* **RECORDS FOR THIS TASK**
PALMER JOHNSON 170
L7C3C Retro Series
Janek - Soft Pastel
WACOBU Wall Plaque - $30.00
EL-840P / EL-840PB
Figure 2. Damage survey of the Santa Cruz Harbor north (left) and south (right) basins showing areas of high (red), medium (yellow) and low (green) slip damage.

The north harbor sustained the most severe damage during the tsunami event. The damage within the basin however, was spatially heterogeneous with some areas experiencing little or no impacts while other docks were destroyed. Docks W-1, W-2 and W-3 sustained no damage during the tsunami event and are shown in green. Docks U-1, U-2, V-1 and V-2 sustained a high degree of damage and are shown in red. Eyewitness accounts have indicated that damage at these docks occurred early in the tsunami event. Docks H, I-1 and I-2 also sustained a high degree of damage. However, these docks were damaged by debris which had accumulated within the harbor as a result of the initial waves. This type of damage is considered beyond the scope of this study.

---

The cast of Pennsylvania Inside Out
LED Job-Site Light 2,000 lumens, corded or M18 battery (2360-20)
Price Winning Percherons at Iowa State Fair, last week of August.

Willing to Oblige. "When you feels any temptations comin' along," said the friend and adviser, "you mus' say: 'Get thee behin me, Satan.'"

--

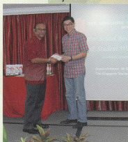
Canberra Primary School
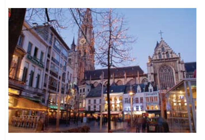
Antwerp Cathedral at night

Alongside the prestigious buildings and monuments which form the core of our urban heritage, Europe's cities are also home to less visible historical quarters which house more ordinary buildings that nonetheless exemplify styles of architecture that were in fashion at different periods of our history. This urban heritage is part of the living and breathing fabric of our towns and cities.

* **WHAT IS NEEDED**
Copy out, exactly and alone, the lines of the entries above between the ones holding "PALMER JOHNSON 170" and "Figure 2. Damage", inclusive.

* **RESPONSE BOX**
PALMER JOHNSON 170
L7C3C Retro Series
Janek - Soft Pastel
WACOBU Wall Plaque - $30.00
EL-840P / EL-840PB
Figure 2. Damage survey of the Santa Cruz Harbor north (left) and south (right) basins showing areas of high (red), medium (yellow) and low (green) slip damage.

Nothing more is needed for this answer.